After the small children were dismissed in the early p.m. it was quiet to finish assignments.  At school we had a large dictionary on a stand, many reference books and some school magazines with articles, stories and current events.  Most farm homes had only a few books, a Bible and some adult farm magazines that parents read and used for information on farming.

We were encouraged to sew, can vegetables and fruit for the County Fair, home and school.  We were encouraged to learn sepsis care for communicable diseases in the home.

The older children were responsible to pump water from the well and fill the water pail with fresh drinking water.

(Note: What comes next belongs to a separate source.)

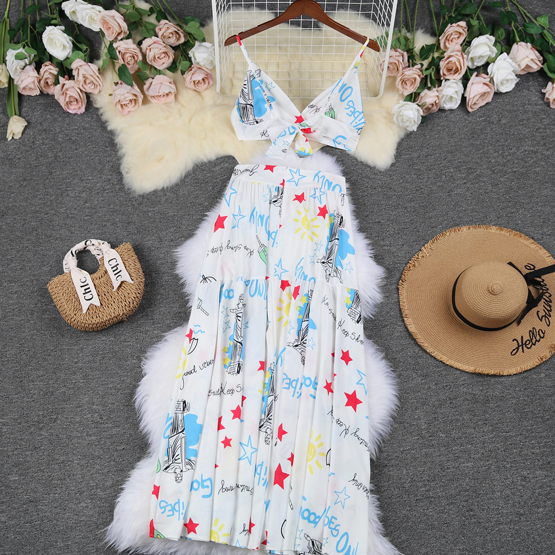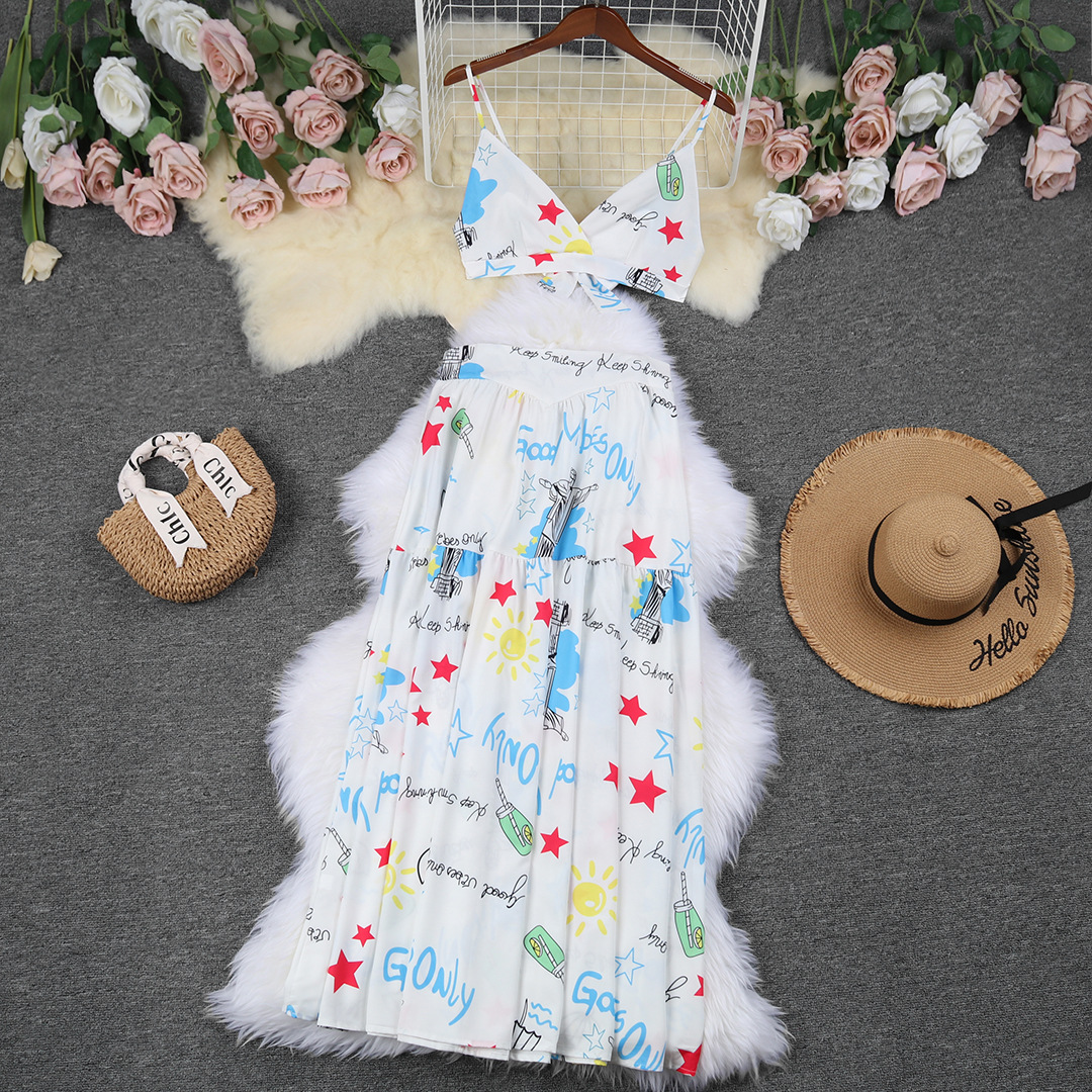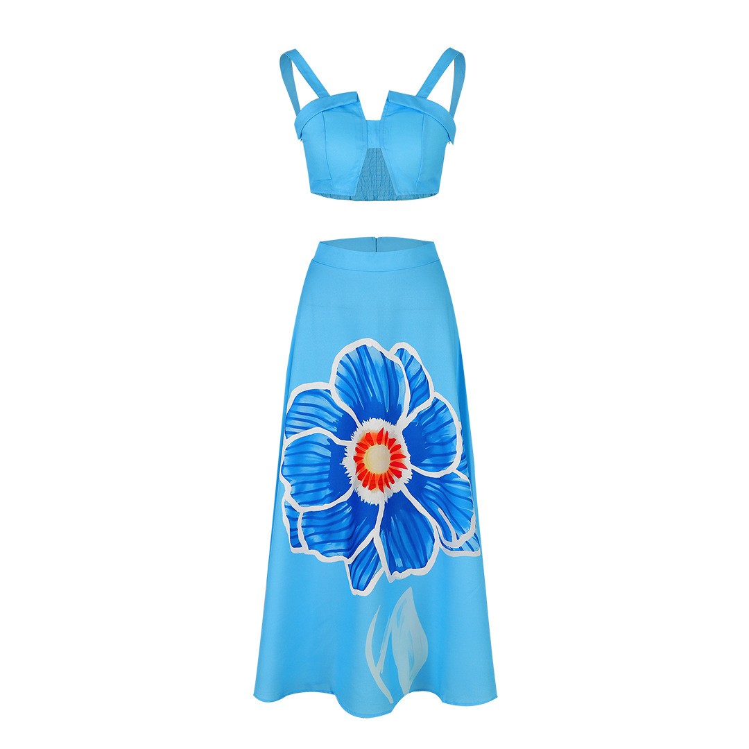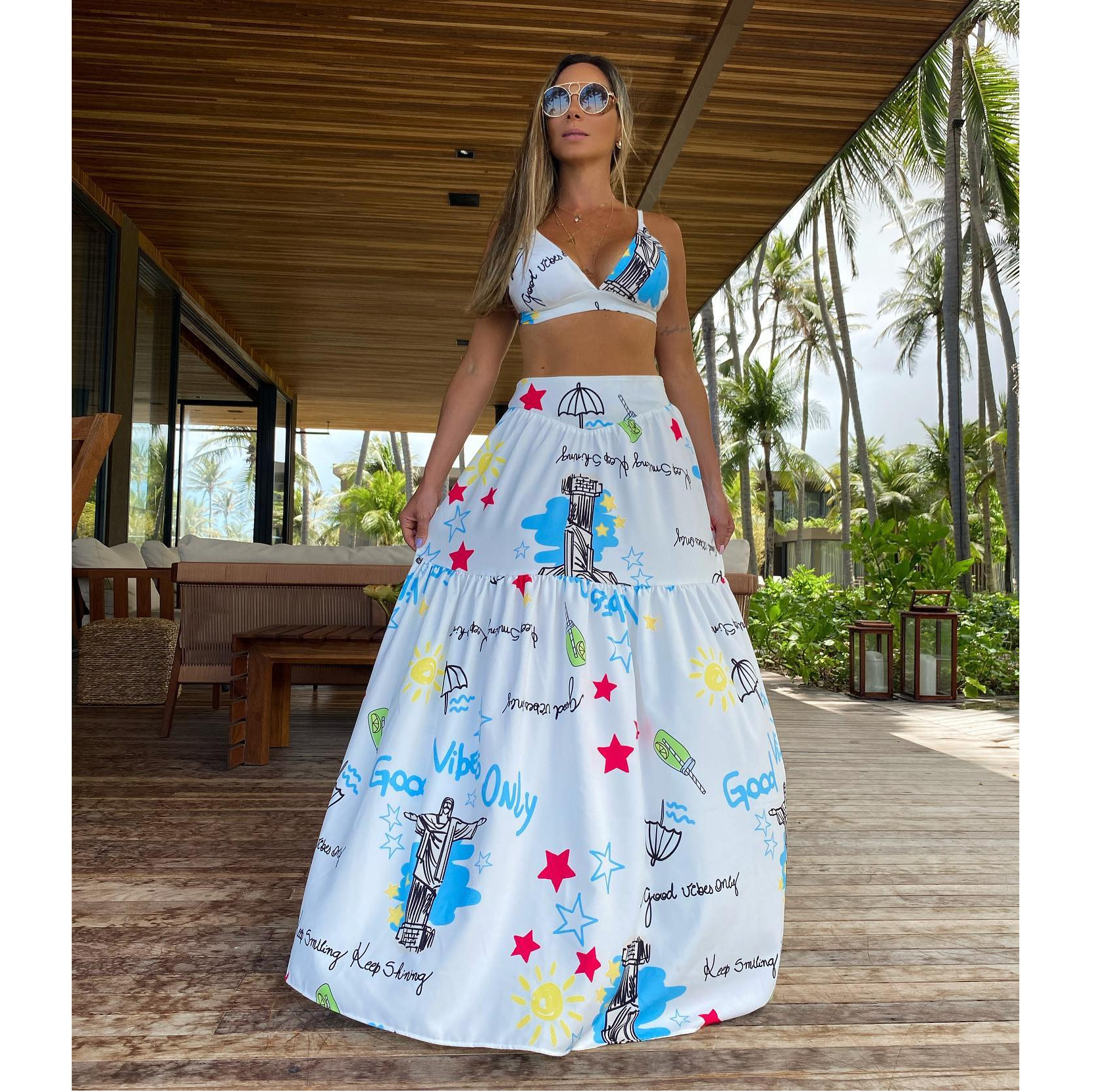 Conjunto de falda de playa con estampado grande retro sexy de dos piezas

There was a red and green card hanging in the front of the school room.  This was used for bathroom visits.  The toilet was outside and the student would turn the card to green when they left the classroom and then turn it to red upon their return.  Sometimes we tried to fool the teacher so 2 students could go out at one time.  Then we could visit in private.

Sometimes the teacher would assign duties, like putting class work on the blackboards.  There were 3 blackboards, one on each of 3 walls.  Sometimes students helped correct papers, supervised recess, or sat with slower learners to help them individually.